SUPPLIED INFORMATION:
|---|
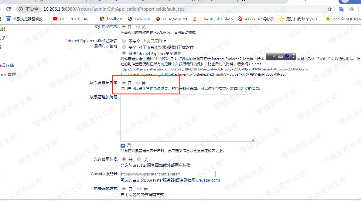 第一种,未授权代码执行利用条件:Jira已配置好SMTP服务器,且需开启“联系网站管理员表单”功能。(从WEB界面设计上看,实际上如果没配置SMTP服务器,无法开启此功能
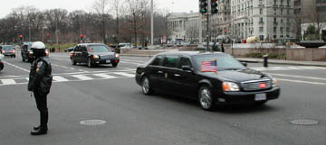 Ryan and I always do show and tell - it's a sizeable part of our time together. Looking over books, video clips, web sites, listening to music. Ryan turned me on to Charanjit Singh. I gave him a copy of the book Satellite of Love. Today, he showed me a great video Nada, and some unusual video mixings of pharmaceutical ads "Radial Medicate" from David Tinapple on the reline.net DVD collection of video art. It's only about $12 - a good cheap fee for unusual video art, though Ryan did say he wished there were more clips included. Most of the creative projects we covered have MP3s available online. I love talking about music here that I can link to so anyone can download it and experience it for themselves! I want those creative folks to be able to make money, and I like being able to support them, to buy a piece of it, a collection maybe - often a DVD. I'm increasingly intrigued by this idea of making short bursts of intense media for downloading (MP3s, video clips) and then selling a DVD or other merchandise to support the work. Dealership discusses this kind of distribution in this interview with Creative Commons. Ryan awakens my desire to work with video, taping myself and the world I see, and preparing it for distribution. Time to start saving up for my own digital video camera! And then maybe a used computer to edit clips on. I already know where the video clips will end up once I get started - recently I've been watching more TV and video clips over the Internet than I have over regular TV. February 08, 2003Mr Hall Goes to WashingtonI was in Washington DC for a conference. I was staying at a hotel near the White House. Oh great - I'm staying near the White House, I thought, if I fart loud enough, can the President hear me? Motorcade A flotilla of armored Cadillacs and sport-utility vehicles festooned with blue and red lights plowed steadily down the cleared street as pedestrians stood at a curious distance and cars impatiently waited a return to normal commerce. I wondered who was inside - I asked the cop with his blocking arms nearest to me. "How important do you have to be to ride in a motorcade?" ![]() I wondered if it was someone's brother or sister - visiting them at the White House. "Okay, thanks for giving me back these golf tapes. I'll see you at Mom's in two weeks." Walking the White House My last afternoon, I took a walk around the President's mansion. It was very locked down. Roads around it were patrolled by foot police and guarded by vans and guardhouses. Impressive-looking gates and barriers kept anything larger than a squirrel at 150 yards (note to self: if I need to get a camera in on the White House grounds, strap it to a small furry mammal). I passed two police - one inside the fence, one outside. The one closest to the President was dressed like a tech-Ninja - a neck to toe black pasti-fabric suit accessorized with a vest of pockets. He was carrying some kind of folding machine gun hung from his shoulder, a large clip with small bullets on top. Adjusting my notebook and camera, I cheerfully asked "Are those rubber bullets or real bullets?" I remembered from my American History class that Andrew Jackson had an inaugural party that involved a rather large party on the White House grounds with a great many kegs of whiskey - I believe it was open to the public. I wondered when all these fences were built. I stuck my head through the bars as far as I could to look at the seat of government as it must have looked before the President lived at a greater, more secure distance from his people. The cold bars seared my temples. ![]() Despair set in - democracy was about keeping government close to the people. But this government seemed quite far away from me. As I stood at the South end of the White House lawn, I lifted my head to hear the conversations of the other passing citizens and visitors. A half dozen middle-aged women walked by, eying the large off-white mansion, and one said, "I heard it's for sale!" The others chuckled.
|---|
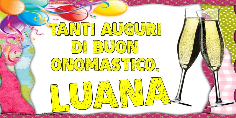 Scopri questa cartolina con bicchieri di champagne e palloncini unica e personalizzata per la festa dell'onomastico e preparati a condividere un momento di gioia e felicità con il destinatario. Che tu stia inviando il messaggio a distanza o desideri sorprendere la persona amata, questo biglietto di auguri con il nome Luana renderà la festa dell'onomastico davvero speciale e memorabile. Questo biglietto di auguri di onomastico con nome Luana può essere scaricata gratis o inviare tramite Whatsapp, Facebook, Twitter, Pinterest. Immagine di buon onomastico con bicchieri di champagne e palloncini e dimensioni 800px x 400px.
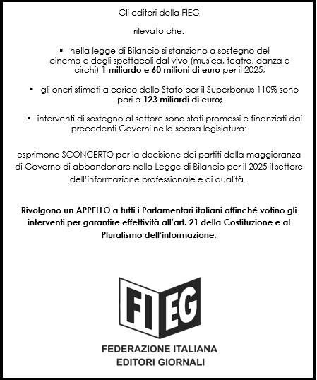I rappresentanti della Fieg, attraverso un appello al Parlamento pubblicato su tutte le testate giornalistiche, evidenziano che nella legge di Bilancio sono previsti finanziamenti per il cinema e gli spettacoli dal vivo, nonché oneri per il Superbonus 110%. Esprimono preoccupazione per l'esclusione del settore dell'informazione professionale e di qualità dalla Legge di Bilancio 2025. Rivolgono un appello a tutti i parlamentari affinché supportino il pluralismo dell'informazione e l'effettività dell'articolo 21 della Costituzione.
|---|
TASK: The answer must be the part of the records that opens with the line containing "Scopri questa cartolina" and closes with the line containing "I rappresentanti della", reproduced exactly, with no pictures.

ANSWER SECTION:
 Scopri questa cartolina con bicchieri di champagne e palloncini unica e personalizzata per la festa dell'onomastico e preparati a condividere un momento di gioia e felicità con il destinatario. Che tu stia inviando il messaggio a distanza o desideri sorprendere la persona amata, questo biglietto di auguri con il nome Luana renderà la festa dell'onomastico davvero speciale e memorabile. Questo biglietto di auguri di onomastico con nome Luana può essere scaricata gratis o inviare tramite Whatsapp, Facebook, Twitter, Pinterest. Immagine di buon onomastico con bicchieri di champagne e palloncini e dimensioni 800px x 400px.
I rappresentanti della Fieg, attraverso un appello al Parlamento pubblicato su tutte le testate giornalistiche, evidenziano che nella legge di Bilancio sono previsti finanziamenti per il cinema e gli spettacoli dal vivo, nonché oneri per il Superbonus 110%. Esprimono preoccupazione per l'esclusione del settore dell'informazione professionale e di qualità dalla Legge di Bilancio 2025. Rivolgono un appello a tutti i parlamentari affinché supportino il pluralismo dell'informazione e l'effettività dell'articolo 21 della Costituzione.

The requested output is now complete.